Source material -

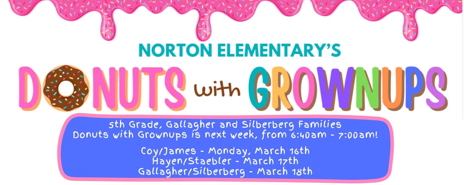 5th GRADE, GALLAGHER, AND SILBERBERG FAMILIES | Join us next week for Donuts with Grownups, March 16th - 18th from 6:40 am - 7:00 am. Each student may invite one or two special grown-ups to join them on their assigned class date. Coy and James - March 16th, Hayen and Staebler - March 17th, and Gallagher and Silberberg - March 18th. No need to register - we're excited to see everyone.
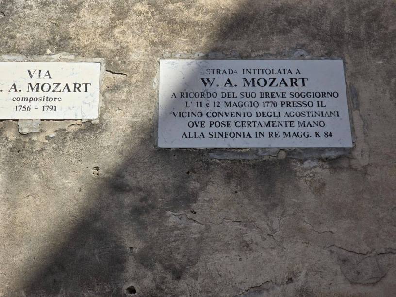 Tra i vicoli di Sessa Aurunca, un angolo della Campania ricco di storia e suggestione, una targa ci racconta un episodio affascinante: Wolfgang Amadeus Mozart, il genio di Salisburgo, soggiornรฒ qui lโ11 e 12 maggio 1770, presso il convento degli Agostiniani.
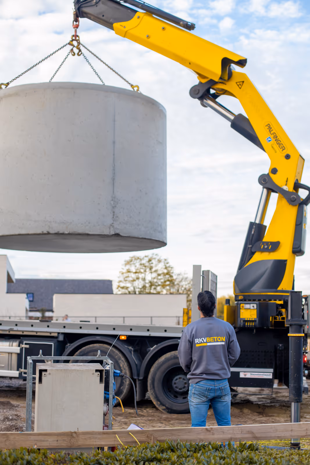 Bij RKV leveren we niet alleen betonproducten van topkwaliteit, we zorgen ook dat ze correct op hun plek geraken. Zo verzorgen wij ook de levering én plaatsing van onze betonproducten. Of het nu gaat om een regenput, controleput of ander prefab element, we denken mee van bij de bestelling tot op de werf.

Task statement -
The copy runs from the line containing "Tra i vicoli" through the last line of the material, both ends included. Reproduce those lines exactly and drop the pictures.

Answer to this problem -
 Tra i vicoli di Sessa Aurunca, un angolo della Campania ricco di storia e suggestione, una targa ci racconta un episodio affascinante: Wolfgang Amadeus Mozart, il genio di Salisburgo, soggiornรฒ qui lโ11 e 12 maggio 1770, presso il convento degli Agostiniani.
 Bij RKV leveren we niet alleen betonproducten van topkwaliteit, we zorgen ook dat ze correct op hun plek geraken. Zo verzorgen wij ook de levering én plaatsing van onze betonproducten. Of het nu gaat om een regenput, controleput of ander prefab element, we denken mee van bij de bestelling tot op de werf.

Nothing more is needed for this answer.